Abstract:Continual or lifelong learning (CL) is one of the most challenging problems in machine learning. In this paradigm, a system must learn new tasks, contexts, or data without forgetting previously learned information. We present a scalable approach to multi-context continual learning (MCCL) in which we decouple how a system learns to solve new tasks (i.e., acquires skills) from how it stores them. Our approach leverages two types of artificial networks: (1) a set of reusable, \textit{task-specific networks} (TN) that can be trained as needed to learn new skills, and (2) a lifelong, \textit{autoencoder network} (EN) that stores all learned skills in a compact, latent space.
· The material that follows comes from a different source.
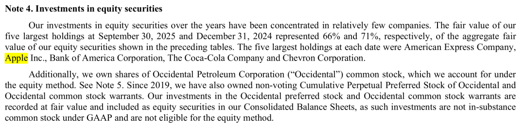 伯克希尔表示,多年来,股权投资主要集中在少数几家公司。截至2025年9月30日和2024年12月31日,我们前五大持股的公允价值分别占股权投资总公允价值的66%和71%。这五大持股分别是:美国运通、苹果、美国银行、可口可乐以及雪佛龙。此外,我们还持有西方石油的普通股。
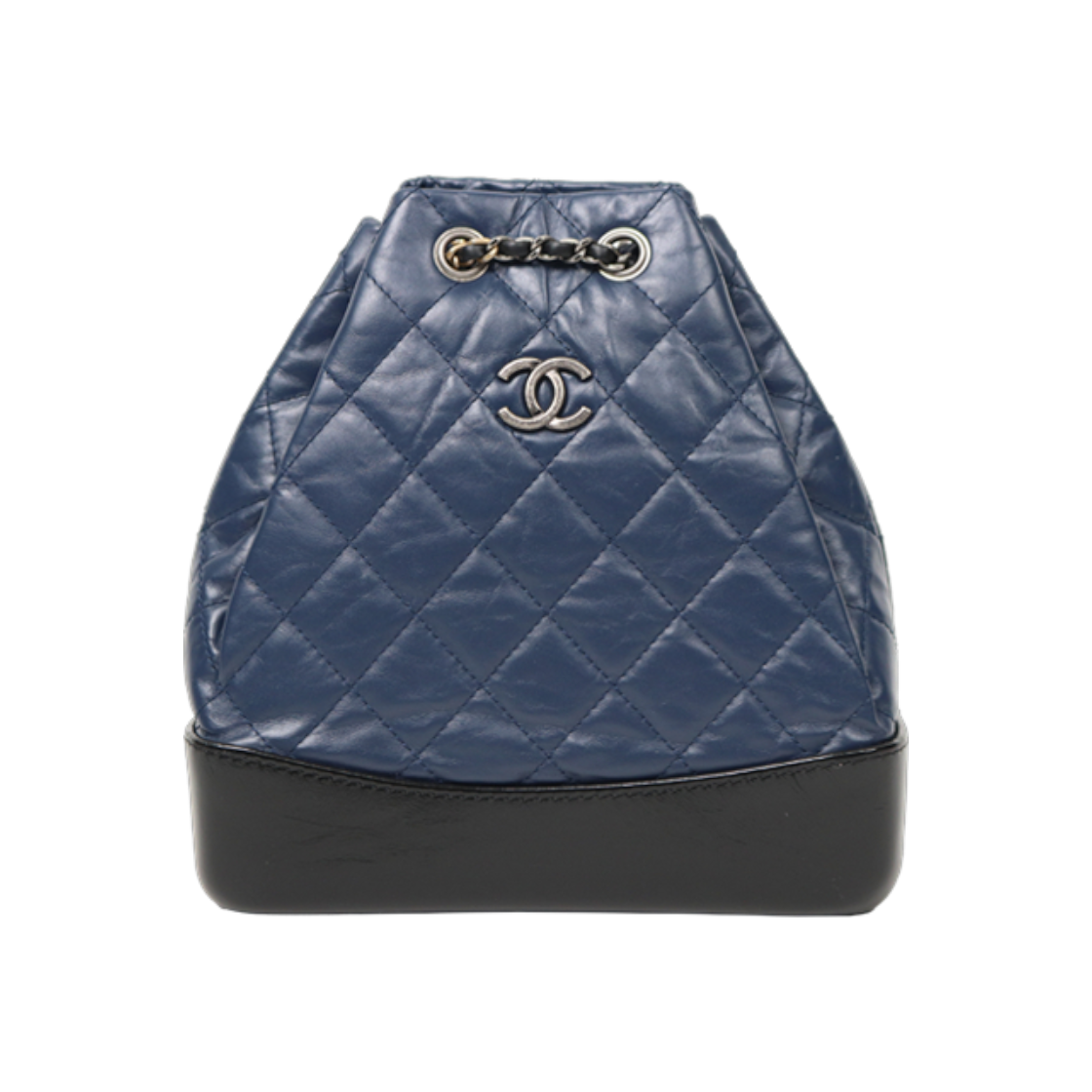 샤넬 가브리엘 백팩 스몰 빈티지 카프스킨 & 골드 실버 메탈 블루

To learn a new skill, we first train a TN using conventional backpropagation, thus placing no restrictions on the system's ability to encode the new task. We then incorporate the newly learned skill into the latent space by first recalling previously learned skills using our EN and then retraining it on both the new and recalled skills. Our approach can efficiently store an arbitrary number of skills without compromising previously learned information because each skill is stored as a separate latent vector. Whenever a particular skill is needed, we recall the necessary weights using our EN and then load them into the corresponding TN. Experiments on the MNIST and CIFAR datasets show that we can continually learn new skills without compromising the performance of existing skills. To the best of our knowledge, we are the first to demonstrate the feasibility of encoding entire networks in order to facilitate efficient continual learning.